Just as his insights graced our September 2020 letter, Ed Dunn returns to write our letter for September 2021. Ed is one of our key staff members, and he wears many hats. He contributes as a Board Member, a blogger, writer, and most recently, as the host of our monthly video This Month at PTM. He works with electronic and digital systems in our fulfillment center, and is one of the voices those who call 1-800-309-4466 hear.

Ed is an uplifting co-worker who enriches our office team and a fellow Friend and Partner with all of you, another team member who shares this ongoing work with you. We thank God for the gifts Ed provides with all those we collectively serve.

One of the incredible roles he fills in our ministry comes directly from his own experiences and the cross he bears as he follows Christ. Ed, as you will see in this letter, has compassion and understanding for all of us as we face adversity and cope with unwelcome and uninvited limitations.

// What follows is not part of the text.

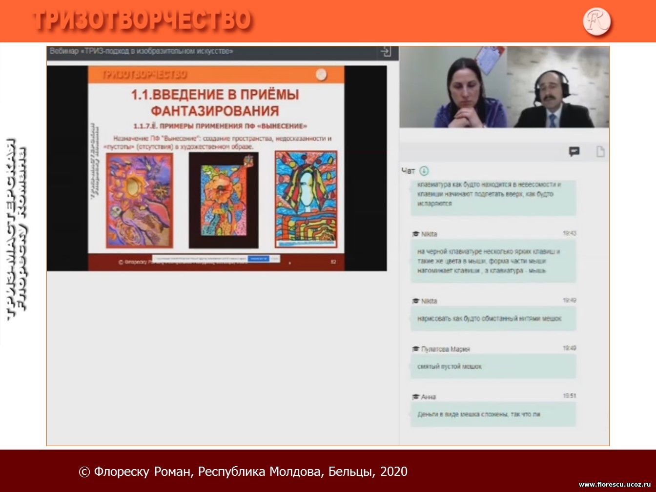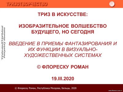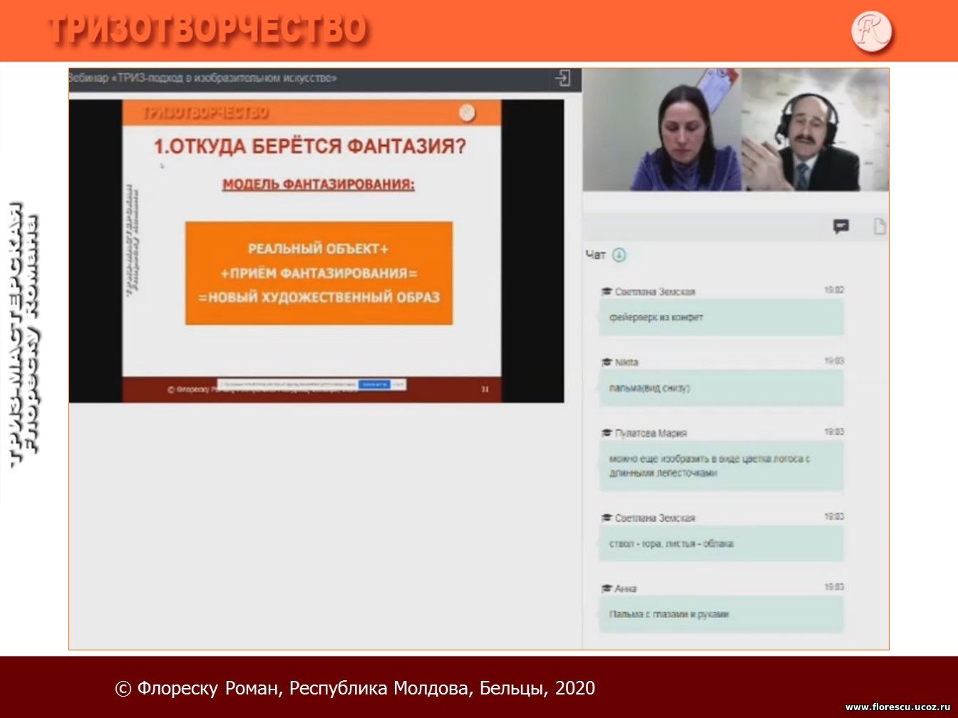 ВЕБИНАР: ТРИЗ ПОДХОД В ВИЗУАЛЬНЫХ ИСКУССТВАХ, МОЛДОВА-РОССИЯ, 19 МАРТА 2020 ГОД |

In this letter Ed transparently reveals some of his own struggles enabling us all to get to know him so much better. My life has been blessed by knowing Ed for well over three decades, and I am confident he will touch your life as well.

—Greg Albrecht

Thirty-six years ago, I began to lose the ability to see whatever it was I was looking at directly. I began to lose my central vision. As a college freshman at the time, new to the Los Angeles, California area from the hills and hollows of rural Western Pennsylvania, I was already overwhelmed by my new “big-city” environment. When I suddenly and most unexpectedly faced the deterioration of my eyesight, after a life of perfect 20/20 vision to that point, I must admit, I was completely terrified. How would I go on? How would I find my way with so much of life ahead of me?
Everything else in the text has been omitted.